## [GIVEN DATA]
——————————

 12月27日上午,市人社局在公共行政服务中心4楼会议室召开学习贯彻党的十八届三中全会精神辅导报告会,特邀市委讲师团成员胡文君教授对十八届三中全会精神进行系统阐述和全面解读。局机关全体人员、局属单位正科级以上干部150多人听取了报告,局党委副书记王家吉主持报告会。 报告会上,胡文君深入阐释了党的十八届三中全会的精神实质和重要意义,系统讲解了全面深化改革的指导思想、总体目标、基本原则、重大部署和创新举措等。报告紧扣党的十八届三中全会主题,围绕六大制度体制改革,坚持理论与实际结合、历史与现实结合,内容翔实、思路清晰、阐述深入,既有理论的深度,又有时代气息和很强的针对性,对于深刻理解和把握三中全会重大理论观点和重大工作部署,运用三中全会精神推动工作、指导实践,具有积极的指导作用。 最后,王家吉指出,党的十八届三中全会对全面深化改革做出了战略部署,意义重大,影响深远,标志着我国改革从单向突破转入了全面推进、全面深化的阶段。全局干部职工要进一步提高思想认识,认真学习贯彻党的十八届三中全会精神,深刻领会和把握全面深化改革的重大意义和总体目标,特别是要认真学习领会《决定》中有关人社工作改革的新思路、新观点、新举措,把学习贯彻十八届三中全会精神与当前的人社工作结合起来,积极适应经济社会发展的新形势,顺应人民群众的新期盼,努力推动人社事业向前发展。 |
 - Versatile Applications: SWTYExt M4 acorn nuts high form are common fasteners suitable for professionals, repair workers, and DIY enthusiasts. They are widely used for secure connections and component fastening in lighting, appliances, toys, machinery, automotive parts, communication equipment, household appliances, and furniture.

——————————

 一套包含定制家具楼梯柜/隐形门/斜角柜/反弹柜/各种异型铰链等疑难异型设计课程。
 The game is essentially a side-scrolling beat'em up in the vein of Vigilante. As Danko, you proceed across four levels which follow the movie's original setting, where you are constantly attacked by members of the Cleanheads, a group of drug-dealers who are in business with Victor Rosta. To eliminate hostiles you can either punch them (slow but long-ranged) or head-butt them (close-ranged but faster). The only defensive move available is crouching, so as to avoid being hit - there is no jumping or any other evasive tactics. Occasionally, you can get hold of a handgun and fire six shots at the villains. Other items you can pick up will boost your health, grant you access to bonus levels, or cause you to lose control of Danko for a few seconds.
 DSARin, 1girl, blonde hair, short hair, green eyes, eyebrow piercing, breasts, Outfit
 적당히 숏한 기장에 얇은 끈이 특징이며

——————————

## [REQUIRED WORK]
Look through the material above and print exactly the lines from the one containing "DSARin, 1girl, blonde" to the one containing "적당히 숏한 기장에 얇은 끈이 특징이며", both included, and nothing more.

## [SOLVED EXERCISE]
 DSARin, 1girl, blonde hair, short hair, green eyes, eyebrow piercing, breasts, Outfit
 적당히 숏한 기장에 얇은 끈이 특징이며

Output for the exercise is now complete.